Leave every picture out, and retype all the remaining records exactly.

Segment Start: Task inputs

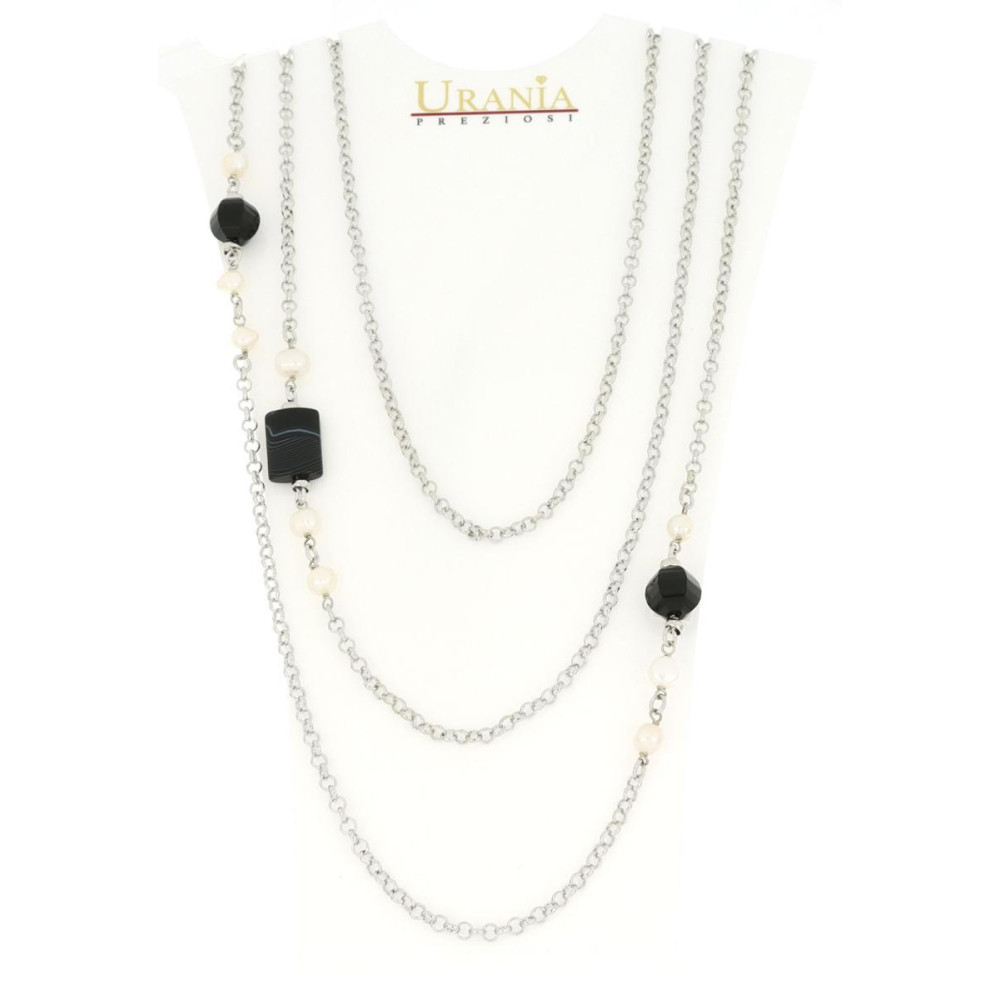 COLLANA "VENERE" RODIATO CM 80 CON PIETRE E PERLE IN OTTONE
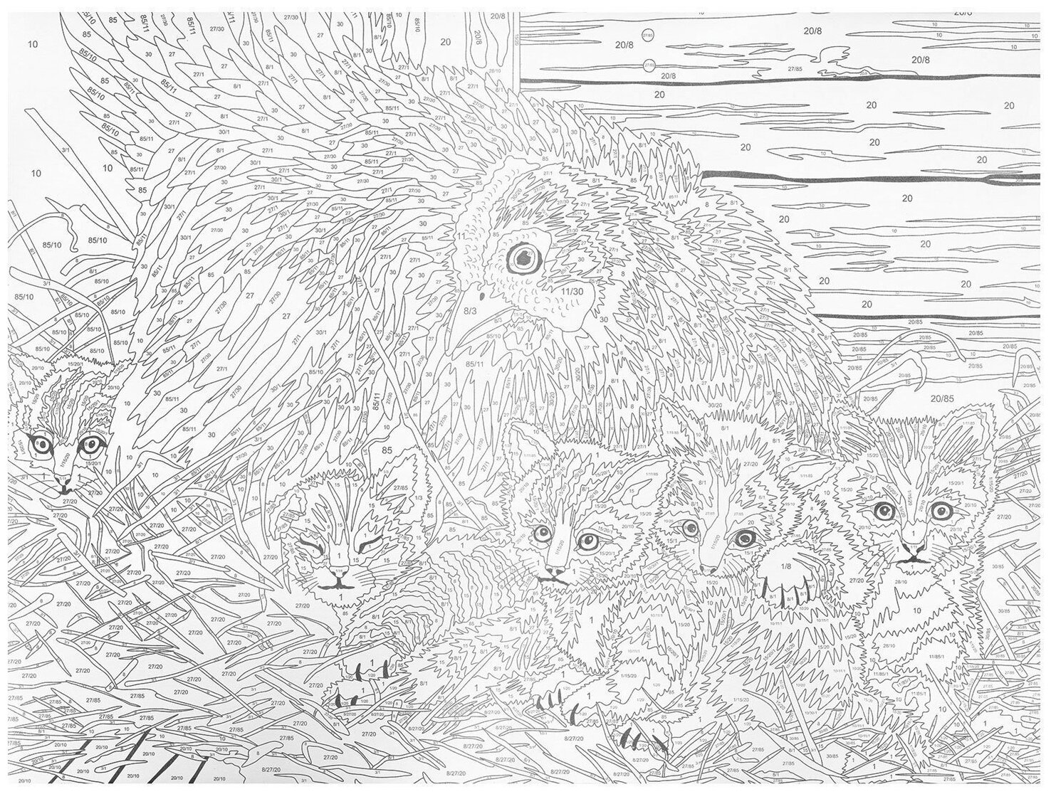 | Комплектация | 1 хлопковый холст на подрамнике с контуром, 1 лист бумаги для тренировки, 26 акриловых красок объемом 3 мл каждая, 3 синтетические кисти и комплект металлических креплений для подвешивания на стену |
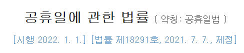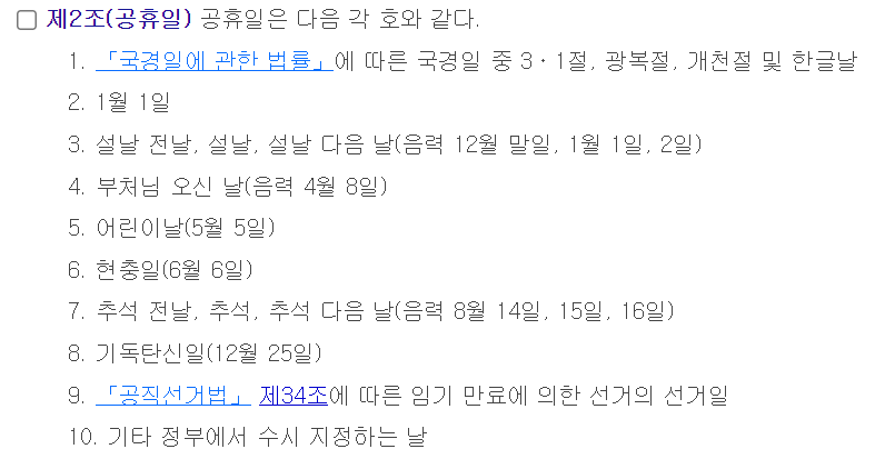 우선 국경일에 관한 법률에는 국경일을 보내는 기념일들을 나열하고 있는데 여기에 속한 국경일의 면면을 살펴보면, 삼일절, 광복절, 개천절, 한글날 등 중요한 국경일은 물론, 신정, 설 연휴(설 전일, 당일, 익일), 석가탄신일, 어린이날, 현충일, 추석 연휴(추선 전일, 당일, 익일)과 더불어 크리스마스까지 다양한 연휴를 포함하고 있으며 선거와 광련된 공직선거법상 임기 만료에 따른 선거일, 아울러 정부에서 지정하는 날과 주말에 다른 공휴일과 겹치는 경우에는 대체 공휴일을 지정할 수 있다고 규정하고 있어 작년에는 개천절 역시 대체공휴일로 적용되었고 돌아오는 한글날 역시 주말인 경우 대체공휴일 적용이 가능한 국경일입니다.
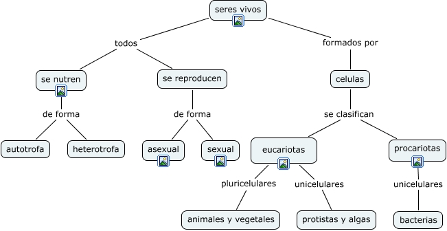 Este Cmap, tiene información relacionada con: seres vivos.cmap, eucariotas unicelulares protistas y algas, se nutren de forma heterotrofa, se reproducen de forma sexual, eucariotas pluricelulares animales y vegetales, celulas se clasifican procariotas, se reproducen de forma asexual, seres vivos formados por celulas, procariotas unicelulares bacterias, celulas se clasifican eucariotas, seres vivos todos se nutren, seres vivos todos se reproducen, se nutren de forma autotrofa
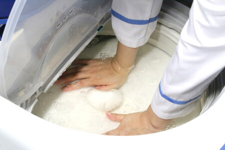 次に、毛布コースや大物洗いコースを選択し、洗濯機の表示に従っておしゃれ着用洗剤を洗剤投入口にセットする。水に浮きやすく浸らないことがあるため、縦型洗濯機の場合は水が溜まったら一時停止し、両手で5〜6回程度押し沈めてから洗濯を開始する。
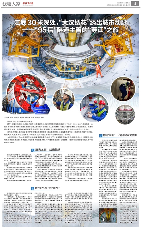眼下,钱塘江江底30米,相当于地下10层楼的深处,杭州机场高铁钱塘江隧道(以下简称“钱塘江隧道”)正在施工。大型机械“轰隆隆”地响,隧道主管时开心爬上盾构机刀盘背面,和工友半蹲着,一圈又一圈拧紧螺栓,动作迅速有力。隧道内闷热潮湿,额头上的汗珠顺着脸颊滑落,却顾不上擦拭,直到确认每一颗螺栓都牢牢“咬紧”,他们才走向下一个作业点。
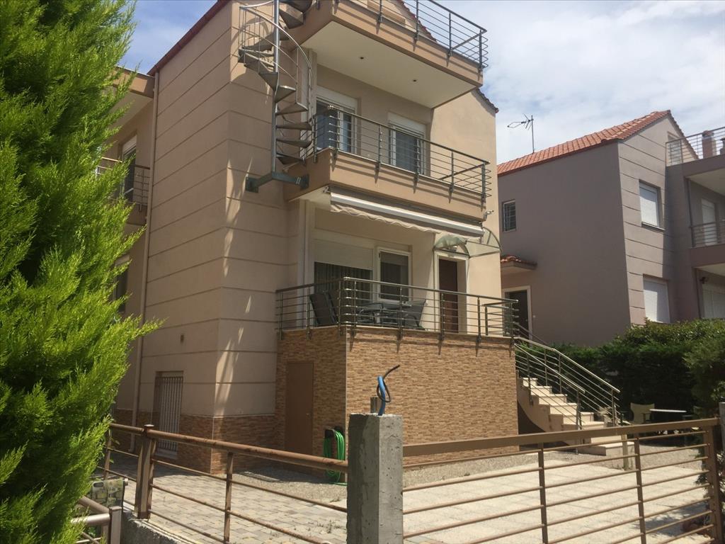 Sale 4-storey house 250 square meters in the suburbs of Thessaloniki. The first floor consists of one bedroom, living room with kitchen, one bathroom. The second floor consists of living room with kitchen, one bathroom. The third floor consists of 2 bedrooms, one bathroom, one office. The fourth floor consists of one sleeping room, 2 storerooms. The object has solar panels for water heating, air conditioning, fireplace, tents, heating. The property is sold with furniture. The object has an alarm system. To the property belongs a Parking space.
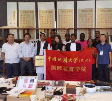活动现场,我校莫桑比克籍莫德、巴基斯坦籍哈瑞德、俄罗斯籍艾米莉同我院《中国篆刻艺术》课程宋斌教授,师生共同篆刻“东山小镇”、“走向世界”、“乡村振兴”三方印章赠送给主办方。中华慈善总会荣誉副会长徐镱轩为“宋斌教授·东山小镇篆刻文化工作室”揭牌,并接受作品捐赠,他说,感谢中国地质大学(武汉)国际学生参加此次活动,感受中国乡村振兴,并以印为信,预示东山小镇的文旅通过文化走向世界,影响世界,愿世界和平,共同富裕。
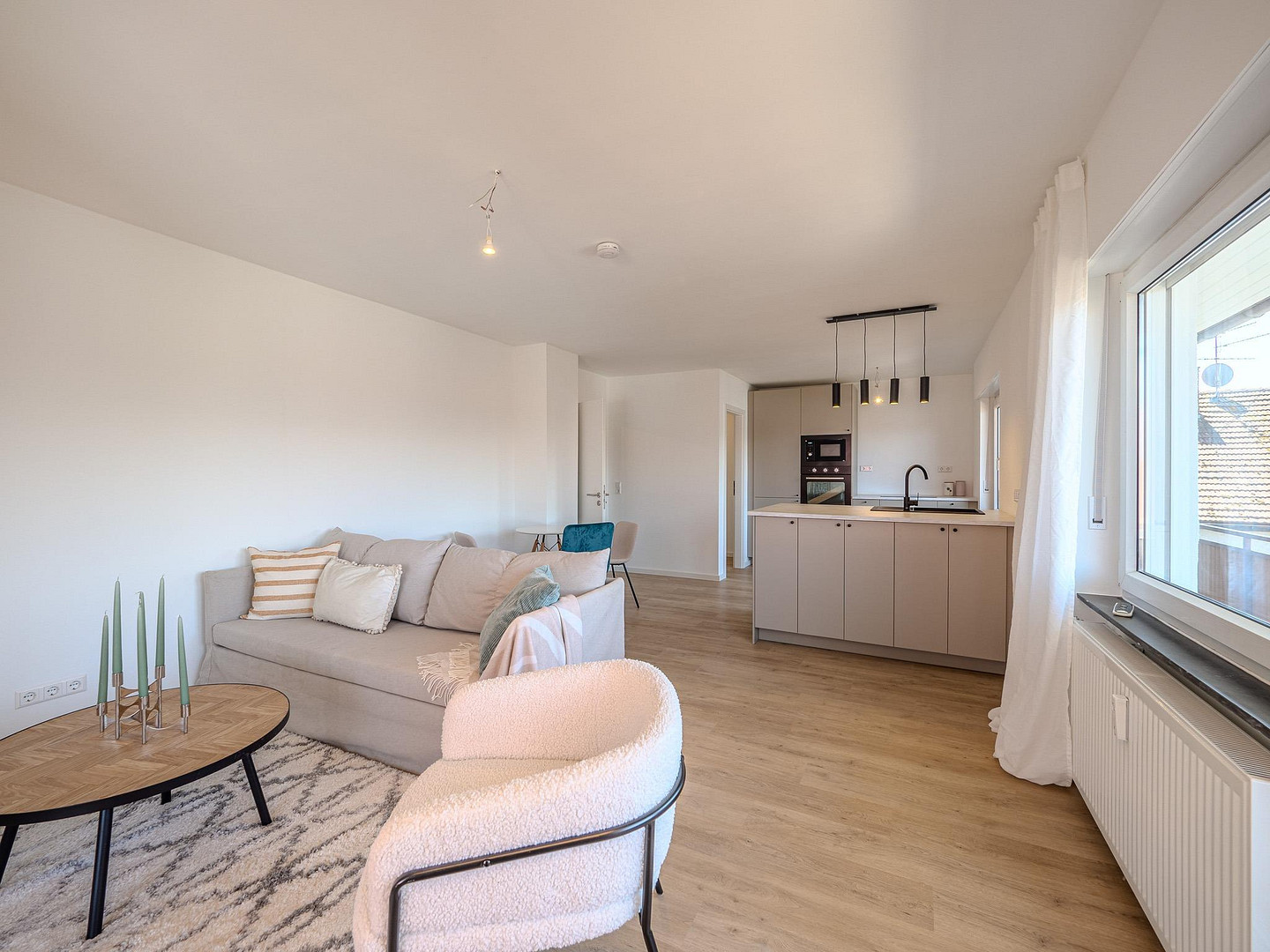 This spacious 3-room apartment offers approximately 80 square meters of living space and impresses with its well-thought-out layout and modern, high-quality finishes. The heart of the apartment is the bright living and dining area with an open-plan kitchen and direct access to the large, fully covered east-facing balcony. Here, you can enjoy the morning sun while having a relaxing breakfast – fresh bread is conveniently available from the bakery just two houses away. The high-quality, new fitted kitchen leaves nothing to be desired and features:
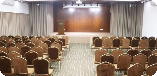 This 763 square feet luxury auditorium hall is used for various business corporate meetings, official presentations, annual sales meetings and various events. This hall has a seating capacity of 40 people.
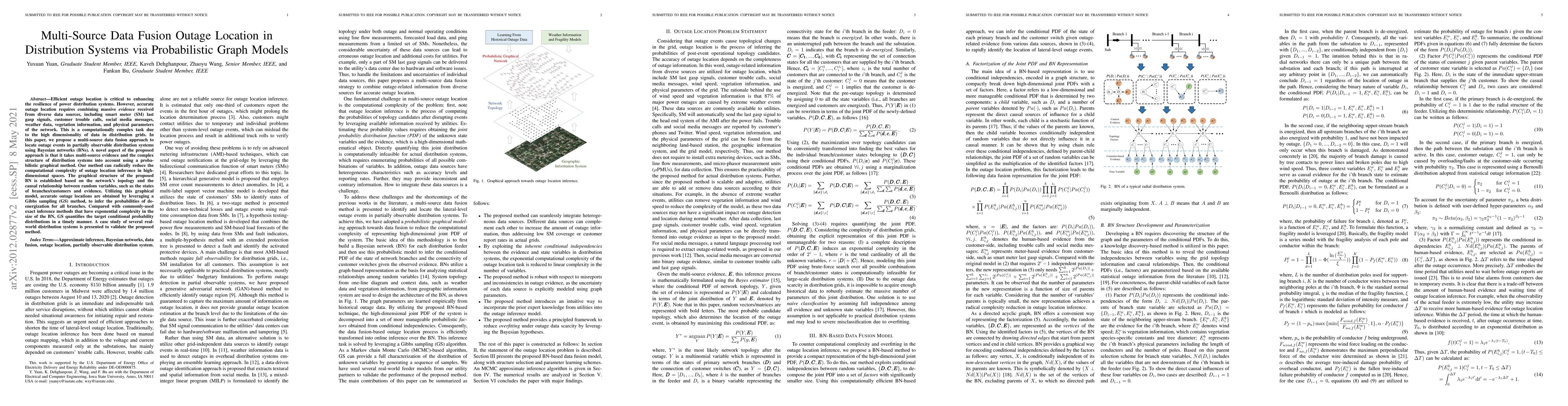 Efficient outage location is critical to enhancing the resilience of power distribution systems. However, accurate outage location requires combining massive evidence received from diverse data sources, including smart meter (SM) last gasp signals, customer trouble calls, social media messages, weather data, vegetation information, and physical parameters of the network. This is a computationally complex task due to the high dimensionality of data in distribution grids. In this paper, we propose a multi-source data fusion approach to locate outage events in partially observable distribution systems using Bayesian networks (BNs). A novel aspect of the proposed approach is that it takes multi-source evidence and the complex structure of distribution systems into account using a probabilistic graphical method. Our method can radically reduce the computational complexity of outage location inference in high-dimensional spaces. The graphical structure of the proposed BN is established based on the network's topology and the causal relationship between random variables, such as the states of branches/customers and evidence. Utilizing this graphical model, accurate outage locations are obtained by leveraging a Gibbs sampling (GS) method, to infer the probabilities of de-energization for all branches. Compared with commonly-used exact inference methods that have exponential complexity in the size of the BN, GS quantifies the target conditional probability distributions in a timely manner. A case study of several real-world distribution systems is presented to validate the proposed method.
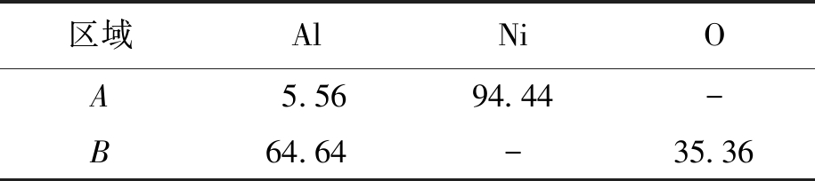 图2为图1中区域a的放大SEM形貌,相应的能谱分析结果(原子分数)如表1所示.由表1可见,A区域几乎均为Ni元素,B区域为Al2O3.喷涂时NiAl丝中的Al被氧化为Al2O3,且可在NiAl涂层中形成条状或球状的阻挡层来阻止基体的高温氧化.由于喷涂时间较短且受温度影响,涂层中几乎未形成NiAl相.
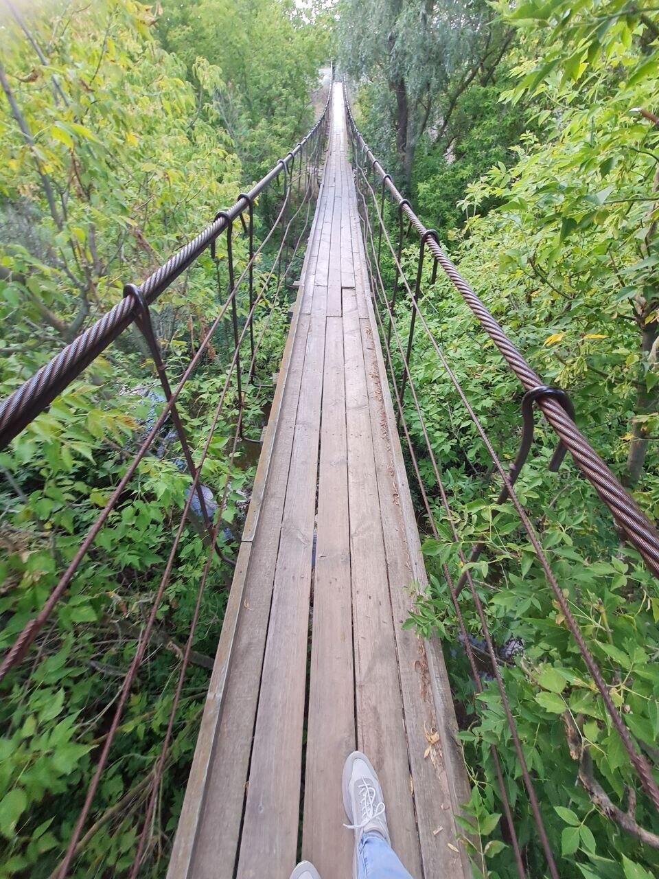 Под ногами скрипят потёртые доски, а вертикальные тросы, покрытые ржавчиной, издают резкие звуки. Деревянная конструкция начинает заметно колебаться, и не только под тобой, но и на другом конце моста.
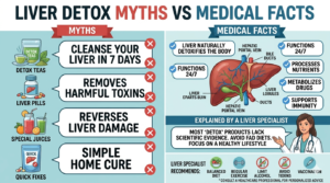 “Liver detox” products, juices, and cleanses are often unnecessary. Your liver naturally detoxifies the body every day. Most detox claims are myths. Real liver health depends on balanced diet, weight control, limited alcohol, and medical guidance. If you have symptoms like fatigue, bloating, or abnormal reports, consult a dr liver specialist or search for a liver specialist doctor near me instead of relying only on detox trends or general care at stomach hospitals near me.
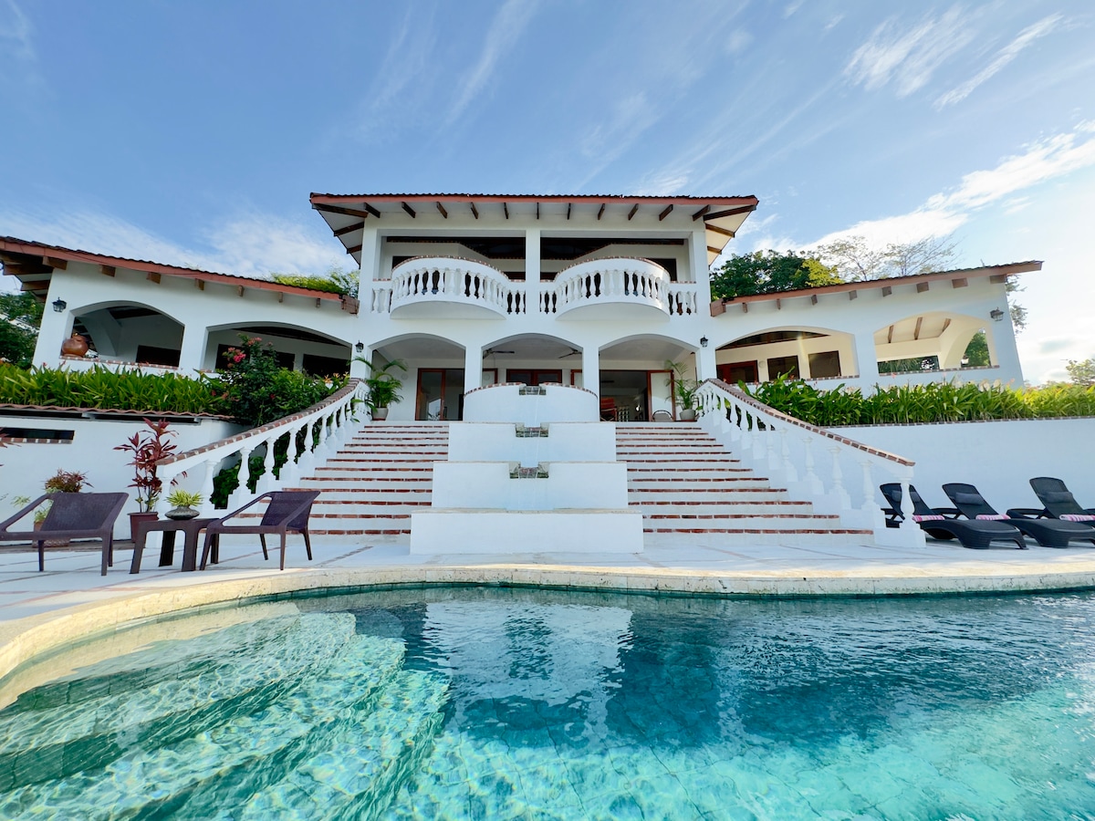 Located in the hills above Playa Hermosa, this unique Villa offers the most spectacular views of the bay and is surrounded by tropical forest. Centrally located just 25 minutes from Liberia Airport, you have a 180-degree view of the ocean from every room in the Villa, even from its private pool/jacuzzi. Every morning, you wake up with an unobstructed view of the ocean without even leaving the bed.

Segment End: Task inputs

▶ Output for this exercise:
 COLLANA "VENERE" RODIATO CM 80 CON PIETRE E PERLE IN OTTONE
 | Комплектация | 1 хлопковый холст на подрамнике с контуром, 1 лист бумаги для тренировки, 26 акриловых красок объемом 3 мл каждая, 3 синтетические кисти и комплект металлических креплений для подвешивания на стену |
 우선 국경일에 관한 법률에는 국경일을 보내는 기념일들을 나열하고 있는데 여기에 속한 국경일의 면면을 살펴보면, 삼일절, 광복절, 개천절, 한글날 등 중요한 국경일은 물론, 신정, 설 연휴(설 전일, 당일, 익일), 석가탄신일, 어린이날, 현충일, 추석 연휴(추선 전일, 당일, 익일)과 더불어 크리스마스까지 다양한 연휴를 포함하고 있으며 선거와 광련된 공직선거법상 임기 만료에 따른 선거일, 아울러 정부에서 지정하는 날과 주말에 다른 공휴일과 겹치는 경우에는 대체 공휴일을 지정할 수 있다고 규정하고 있어 작년에는 개천절 역시 대체공휴일로 적용되었고 돌아오는 한글날 역시 주말인 경우 대체공휴일 적용이 가능한 국경일입니다.
 Este Cmap, tiene información relacionada con: seres vivos.cmap, eucariotas unicelulares protistas y algas, se nutren de forma heterotrofa, se reproducen de forma sexual, eucariotas pluricelulares animales y vegetales, celulas se clasifican procariotas, se reproducen de forma asexual, seres vivos formados por celulas, procariotas unicelulares bacterias, celulas se clasifican eucariotas, seres vivos todos se nutren, seres vivos todos se reproducen, se nutren de forma autotrofa
 次に、毛布コースや大物洗いコースを選択し、洗濯機の表示に従っておしゃれ着用洗剤を洗剤投入口にセットする。水に浮きやすく浸らないことがあるため、縦型洗濯機の場合は水が溜まったら一時停止し、両手で5〜6回程度押し沈めてから洗濯を開始する。
眼下,钱塘江江底30米,相当于地下10层楼的深处,杭州机场高铁钱塘江隧道(以下简称“钱塘江隧道”)正在施工。大型机械“轰隆隆”地响,隧道主管时开心爬上盾构机刀盘背面,和工友半蹲着,一圈又一圈拧紧螺栓,动作迅速有力。隧道内闷热潮湿,额头上的汗珠顺着脸颊滑落,却顾不上擦拭,直到确认每一颗螺栓都牢牢“咬紧”,他们才走向下一个作业点。
 Sale 4-storey house 250 square meters in the suburbs of Thessaloniki. The first floor consists of one bedroom, living room with kitchen, one bathroom. The second floor consists of living room with kitchen, one bathroom. The third floor consists of 2 bedrooms, one bathroom, one office. The fourth floor consists of one sleeping room, 2 storerooms. The object has solar panels for water heating, air conditioning, fireplace, tents, heating. The property is sold with furniture. The object has an alarm system. To the property belongs a Parking space.
活动现场,我校莫桑比克籍莫德、巴基斯坦籍哈瑞德、俄罗斯籍艾米莉同我院《中国篆刻艺术》课程宋斌教授,师生共同篆刻“东山小镇”、“走向世界”、“乡村振兴”三方印章赠送给主办方。中华慈善总会荣誉副会长徐镱轩为“宋斌教授·东山小镇篆刻文化工作室”揭牌,并接受作品捐赠,他说,感谢中国地质大学(武汉)国际学生参加此次活动,感受中国乡村振兴,并以印为信,预示东山小镇的文旅通过文化走向世界,影响世界,愿世界和平,共同富裕。
 This spacious 3-room apartment offers approximately 80 square meters of living space and impresses with its well-thought-out layout and modern, high-quality finishes. The heart of the apartment is the bright living and dining area with an open-plan kitchen and direct access to the large, fully covered east-facing balcony. Here, you can enjoy the morning sun while having a relaxing breakfast – fresh bread is conveniently available from the bakery just two houses away. The high-quality, new fitted kitchen leaves nothing to be desired and features:
 This 763 square feet luxury auditorium hall is used for various business corporate meetings, official presentations, annual sales meetings and various events. This hall has a seating capacity of 40 people.
 Efficient outage location is critical to enhancing the resilience of power distribution systems. However, accurate outage location requires combining massive evidence received from diverse data sources, including smart meter (SM) last gasp signals, customer trouble calls, social media messages, weather data, vegetation information, and physical parameters of the network. This is a computationally complex task due to the high dimensionality of data in distribution grids. In this paper, we propose a multi-source data fusion approach to locate outage events in partially observable distribution systems using Bayesian networks (BNs). A novel aspect of the proposed approach is that it takes multi-source evidence and the complex structure of distribution systems into account using a probabilistic graphical method. Our method can radically reduce the computational complexity of outage location inference in high-dimensional spaces. The graphical structure of the proposed BN is established based on the network's topology and the causal relationship between random variables, such as the states of branches/customers and evidence. Utilizing this graphical model, accurate outage locations are obtained by leveraging a Gibbs sampling (GS) method, to infer the probabilities of de-energization for all branches. Compared with commonly-used exact inference methods that have exponential complexity in the size of the BN, GS quantifies the target conditional probability distributions in a timely manner. A case study of several real-world distribution systems is presented to validate the proposed method.
 图2为图1中区域a的放大SEM形貌,相应的能谱分析结果(原子分数)如表1所示.由表1可见,A区域几乎均为Ni元素,B区域为Al2O3.喷涂时NiAl丝中的Al被氧化为Al2O3,且可在NiAl涂层中形成条状或球状的阻挡层来阻止基体的高温氧化.由于喷涂时间较短且受温度影响,涂层中几乎未形成NiAl相.
 Под ногами скрипят потёртые доски, а вертикальные тросы, покрытые ржавчиной, издают резкие звуки. Деревянная конструкция начинает заметно колебаться, и не только под тобой, но и на другом конце моста.
 “Liver detox” products, juices, and cleanses are often unnecessary. Your liver naturally detoxifies the body every day. Most detox claims are myths. Real liver health depends on balanced diet, weight control, limited alcohol, and medical guidance. If you have symptoms like fatigue, bloating, or abnormal reports, consult a dr liver specialist or search for a liver specialist doctor near me instead of relying only on detox trends or general care at stomach hospitals near me.
 Located in the hills above Playa Hermosa, this unique Villa offers the most spectacular views of the bay and is surrounded by tropical forest. Centrally located just 25 minutes from Liberia Airport, you have a 180-degree view of the ocean from every room in the Villa, even from its private pool/jacuzzi. Every morning, you wake up with an unobstructed view of the ocean without even leaving the bed.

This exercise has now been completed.